Concernant les médicaments, Hippocrate déplorait souvent que ses patients tendent à lui mentir en affirmant qu’ils prennent leurs médicaments alors qu’ils ne le font pas (Fainzang, 2002). Cependant, un soignant peut mentir à son patient en cas de nécessité pour le bien de celui-ci. Si le mensonge ou la dissimulation de la vérité sont justifiés lorsqu’ils sont utilisés par le médecin, ils sont au contraire condamnés lorsqu’ils sont utilisés par le patient (Fainzang, 2002). Le médecin ment ou dissimule la vérité pour le bien de son patient. Le patient ment ou dissimule la vérité aussi pour son bien… et pour le bien du médecin, en se préservant de lui procurer des sentiments de déplaisir.

Selon Fainzang (2002), un patient ment ou dissimule des informations ou la vérité à cause du sentiment de culpabilité d’avoir « commis une transgression » ou de la crainte d’encourir la désapprobation ou la colère du médecin. L’auteure ajoute que le mensonge et la dissimulation sont des moyens pour échapper à la colère du médecin, pour éviter des conflits, des critiques ou des reproches et que, paradoxalement, ils témoignent d’une plus grande soumission du patient à l’égard du médecin. Fainzang conclut que mentir ou dissimuler des informations au médecin est aussi une stratégie pour signifier au médecin que le patient n’a aucunement l’intention de se moquer de lui ou de lui être impertinent. Dans le contexte de la consultation médicale, le mensonge et la dissimulation sont des instruments de la préservation de l’harmonie du patient envers son médecin, pour préserver les bonnes relations (hiérarchiques) avec lui. Dans le cas des consultations MAC, les relations hiérarchiques entre le soignant et le soigné ne sont pas mises de l’avant, car les MAC préconisent une relation de collaboration entre l’un et l’autre, où le soignant est avant tout un guide et un mentor pour le soigné (Snyderman et Weil, 2002).

Jusque-là, nous avons vu qu’à cause de la montée des nouvelles valeurs en santé (santéisation), l’individu a été amené à devoir modifier ses pratiques corporelles et comportements pour les correspondre aux normes de la santé (biosocialisation), afin de pouvoir intégrer dans la société dans laquelle il vit, et de devenir autonome face à sa santé (autocontrôle).
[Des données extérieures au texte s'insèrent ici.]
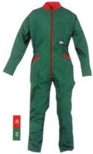
Combinaison enfant (CORFOU)

Ceci a pour effet de faire apparaître de nouveaux besoins et de nouvelles attentes en matière de santé et de bien-être auxquels la biomédecine éprouve de la difficulté à répondre de façon satisfaisante, amenant à l’insatisfaction en général de la médecine conventionnelle.
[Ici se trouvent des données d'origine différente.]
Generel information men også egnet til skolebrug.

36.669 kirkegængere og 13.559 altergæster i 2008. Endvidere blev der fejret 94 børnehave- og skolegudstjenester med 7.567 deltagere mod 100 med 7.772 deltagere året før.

La désuétude du système de soins conventionnels ne pouvant répondre adéquatement aux nouveaux besoins, les individus se tournent vers les médecines traditionnelles alternatives, qui font émerger des nouvelles représentations de la santé, de la maladie et de la thérapie et qui nourrissent la popularité croissante des MAC.

Tenant compte de ceci, notre enquête recherche vise à connaître quels sont ces nouveaux besoins et ces nouvelles représentations de la santé et de la maladie derrière la thérapie des PSN, mais chez des individus jeunes. Les jeunes, qui sont habituellement une population plus en santé que les autres tranches d’âge, ne constituent pas, à priori, une population dont on s’attend à ce qu’elle consomme des médicaments. Et pourtant, leur consommation de médicament va en grandissant, ce qui éveille des questionnements et réflexions à faire.